Actually, since our function body is only one line of code, we can omit the braces:

hypotenuse <- function(x, y) sqrt(x ^ 2 + y ^ 2)   #same as before

Note

R is very permissive about how you space your code, so “one line of code” can be stretched to run over several lines. The amount of code that can be included without braces is one statement. The exact definition of a statement is technical, but from a practical point of view, it is the amount of code that you can type at the command line before it executes.

We can now call this function as we would any other:

hypotenuse(3, 4)
## [1] 5
hypotenuse(y = 24, x = 7)
## [1] 25

When we call a function, if we don’t name the arguments, then R will match them based on position. In the case of hypotenuse(3, 4), 3 comes first so it is mapped to x, and 4 comes second so it is mapped to y.

If we want to change the order that we pass the arguments, or omit some of them, then we can pass named arguments.

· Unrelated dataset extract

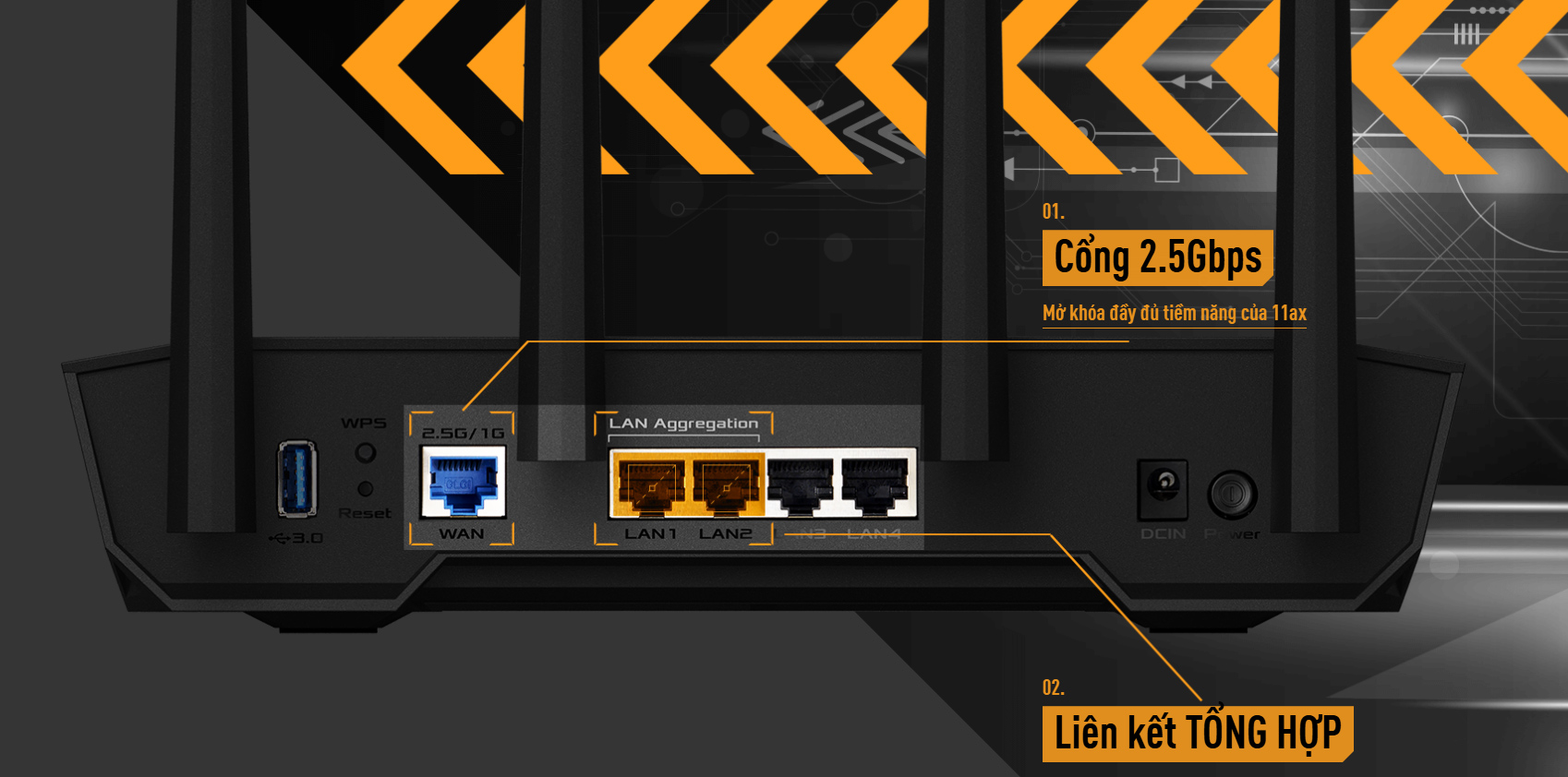 - Tốc độ có dây Multi-Gigabit đích thực - Kết nối 2 mạng LAN Gigabit tổng hợp, cổng có dây 2,5Gbps và WiFi 6.

In the case of hypotenuse(y = 24, x = 7), although we pass the variables in the “wrong” order, R still correctly determines which variable should be mapped to x, and which to y.

It doesn’t make much sense for a hypotenuse-calculating function, but if we wanted, we could provide default values for x and y. In this new version, if we don’t pass anything to the function, x takes the value 5 and y takes the value 12:

hypotenuse <- function(x = 5, y = 12)
{
  sqrt(x ^ 2 + y ^ 2)
}
hypotenuse() #equivalent to hypotenuse(5, 12)
## [1] 13

We’ve already seen the formals function for retrieving the arguments of a function as a (pair)list. The args function does the same thing in a more human-readable, but less programming-friendly, way. formalArgs returns a character vector of the names of the arguments:

formals(hypotenuse)
## $x
## [1] 5
##
## $y
## [1] 12
args(hypotenuse)
## function (x = 5, y = 12)
## NULL
formalArgs(hypotenuse)
## [1] "x" "y"

The body of a function is retrieved using the body function. This isn’t often very useful on its own, but we may sometimes want to examine it as text—to find functions that call another function, for example. We can use deparse to achieve this:

(body_of_hypotenuse <- body(hypotenuse))
## {
##     sqrt(x^2 + y^2)
## }
deparse(body_of_hypotenuse)
## [1] "{"                   "    sqrt(x^2 + y^2)" "}"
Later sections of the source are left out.